BEGIN GIVEN RECORDS

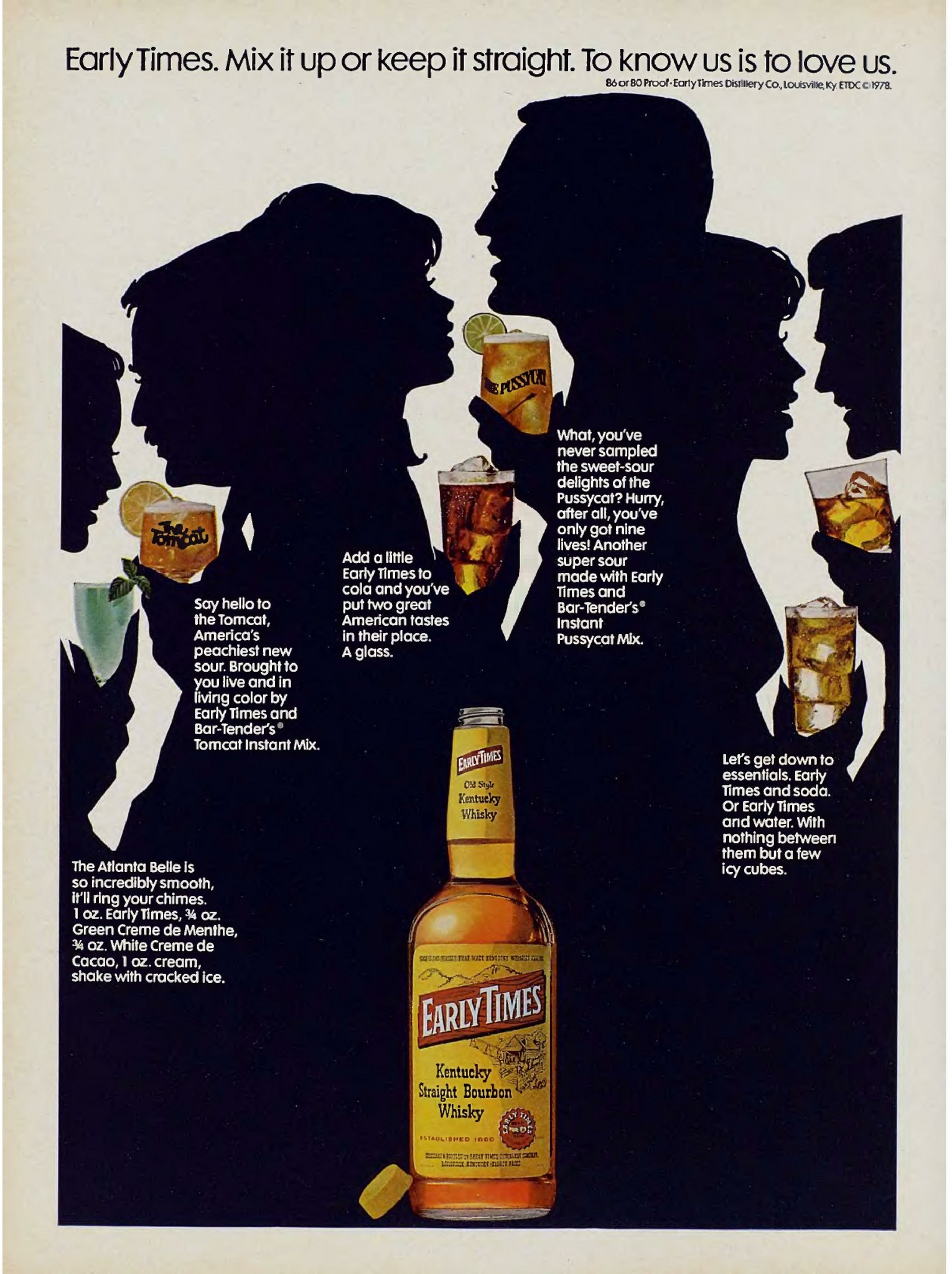 1978 Early Times. Mix it up to keep it straight. To know us is to love us
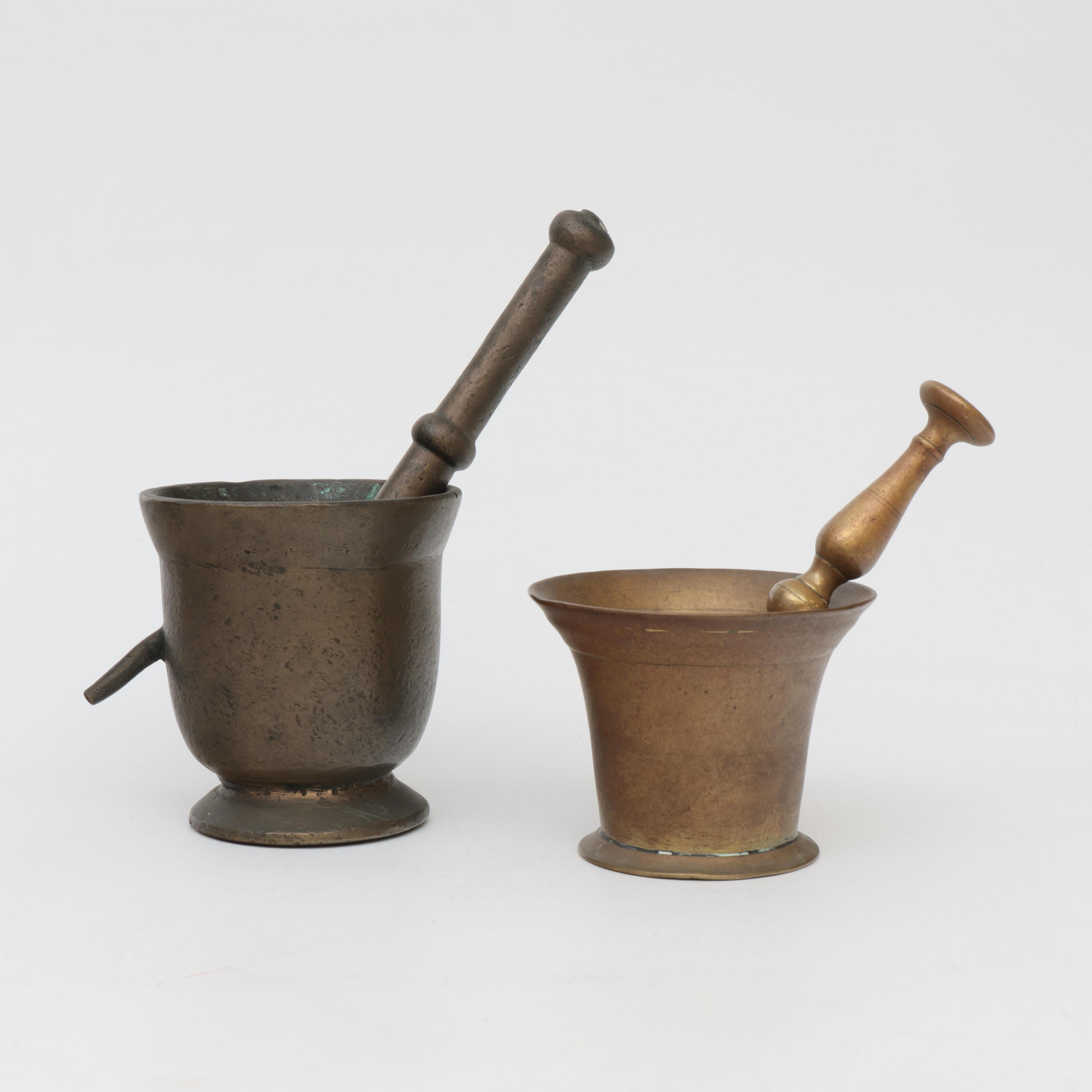 Hierbij koperen vijzel. Beide compleet met stamper.
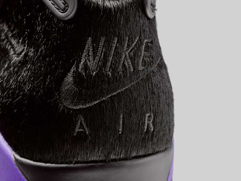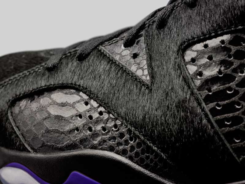 La paire, aussi, est unique. Sur la tige, le crin de poney rencontre le simili reptile. Les touches de violet ne sont pas un hasard. Car le coloris est une collaboration avec Social Status, une boutique de Charlotte, qui glisse donc cette petite référence aux Hornets. Le tout est posé sur une semelle translucide.
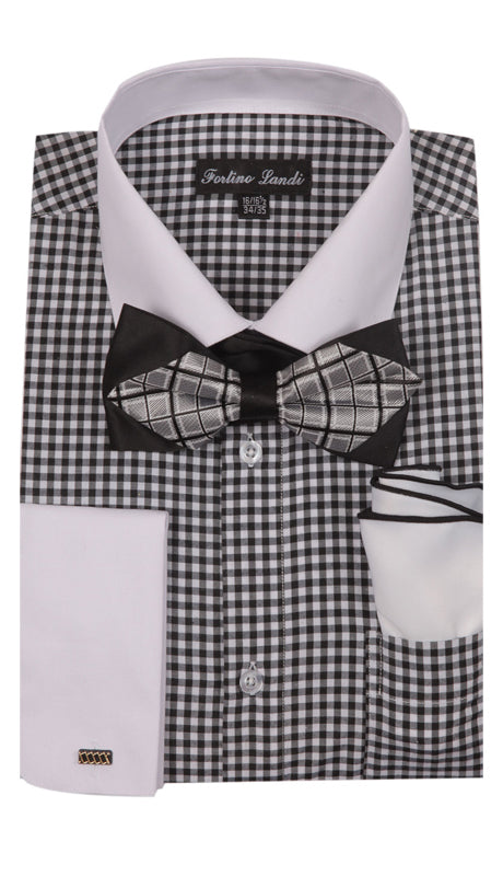 Introducing the FL628-BK dress shirt, a perfect blend of elegance and style. This shirt comes with a matching bow tie, cuff links, and a handkerchief, making it an excellent choice for formal occasions or a night out on the town. The sleek black and white gingham pattern adds a timeless charm that is sure to turn heads.
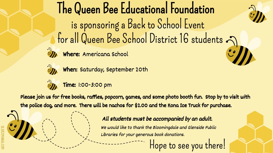 Queen Bee Educational Foundation, Inc. P.O. Box 5663 Glendale Heights, IL 60139-5663 www.qbef.org Benefitting Students of Queen Bee Elementary District 16 |
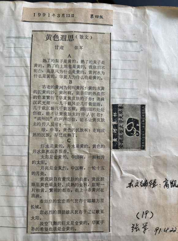 幾天后,一篇題為《黃色遐思》的散文終于誕生了,這篇短文通過一系列的聯(lián)想與描述,表達(dá)了自己對(duì)黃土地、華夏民族以及偉大祖國(guó)的無限感激與熱愛。1991年1月13日晚上,我將最終定稿的散文《黃色遐思》工工整整地寫在自己特意買來的稿紙上,小心翼翼地裝進(jìn)信封,第二天,騎自行車冒著刺骨的寒風(fēng)到五公里之外的縣城郵局去郵寄。稿件寄出之時(shí),我仿佛完成了一份光榮的任務(wù)。盡管之前自己已經(jīng)在其他報(bào)紙上發(fā)表過幾篇習(xí)作,但這次畢竟是第一次給心目中神圣的家鄉(xiāng)報(bào)紙《隴東報(bào)》投稿,心里既興奮又緊張。驚喜有時(shí)會(huì)在不經(jīng)意間突然降臨。近兩個(gè)月之后,我驚喜地發(fā)現(xiàn)自己的散文《黃色遐思》刊發(fā)在1991年3月13日的《隴東報(bào)》第四版“黃河象杯”全國(guó)微型文學(xué)大獎(jiǎng)賽專版上。不久,我便收到了編輯部寄來的墨香濃郁的樣報(bào)。
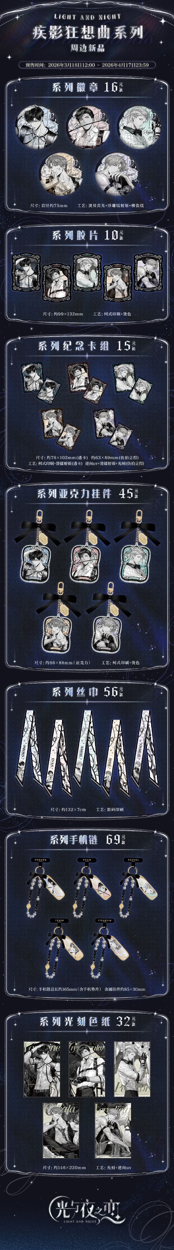 #光与夜之恋#官方周边商城已上线,2026年3月18日新品和醉热情韵、面包配果酱、光夜变奏Ⅲ-来时雾角轰鸣系列余量返场将于3月18日12:00正式开售,设计师可以移步微信小程序或天喵商城进行选购。

END GIVEN RECORDS

What is needed is an exact repeat of the lines from the one containing "Hierbij koperen vijzel." through the last line of the records above, both included, with pictures left out.

__YOUR RESPONSE__:
 Hierbij koperen vijzel. Beide compleet met stamper.
 La paire, aussi, est unique. Sur la tige, le crin de poney rencontre le simili reptile. Les touches de violet ne sont pas un hasard. Car le coloris est une collaboration avec Social Status, une boutique de Charlotte, qui glisse donc cette petite référence aux Hornets. Le tout est posé sur une semelle translucide.
 Introducing the FL628-BK dress shirt, a perfect blend of elegance and style. This shirt comes with a matching bow tie, cuff links, and a handkerchief, making it an excellent choice for formal occasions or a night out on the town. The sleek black and white gingham pattern adds a timeless charm that is sure to turn heads.
 Queen Bee Educational Foundation, Inc. P.O. Box 5663 Glendale Heights, IL 60139-5663 www.qbef.org Benefitting Students of Queen Bee Elementary District 16 |
 幾天后,一篇題為《黃色遐思》的散文終于誕生了,這篇短文通過一系列的聯(lián)想與描述,表達(dá)了自己對(duì)黃土地、華夏民族以及偉大祖國(guó)的無限感激與熱愛。1991年1月13日晚上,我將最終定稿的散文《黃色遐思》工工整整地寫在自己特意買來的稿紙上,小心翼翼地裝進(jìn)信封,第二天,騎自行車冒著刺骨的寒風(fēng)到五公里之外的縣城郵局去郵寄。稿件寄出之時(shí),我仿佛完成了一份光榮的任務(wù)。盡管之前自己已經(jīng)在其他報(bào)紙上發(fā)表過幾篇習(xí)作,但這次畢竟是第一次給心目中神圣的家鄉(xiāng)報(bào)紙《隴東報(bào)》投稿,心里既興奮又緊張。驚喜有時(shí)會(huì)在不經(jīng)意間突然降臨。近兩個(gè)月之后,我驚喜地發(fā)現(xiàn)自己的散文《黃色遐思》刊發(fā)在1991年3月13日的《隴東報(bào)》第四版“黃河象杯”全國(guó)微型文學(xué)大獎(jiǎng)賽專版上。不久,我便收到了編輯部寄來的墨香濃郁的樣報(bào)。
 #光与夜之恋#官方周边商城已上线,2026年3月18日新品和醉热情韵、面包配果酱、光夜变奏Ⅲ-来时雾角轰鸣系列余量返场将于3月18日12:00正式开售,设计师可以移步微信小程序或天喵商城进行选购。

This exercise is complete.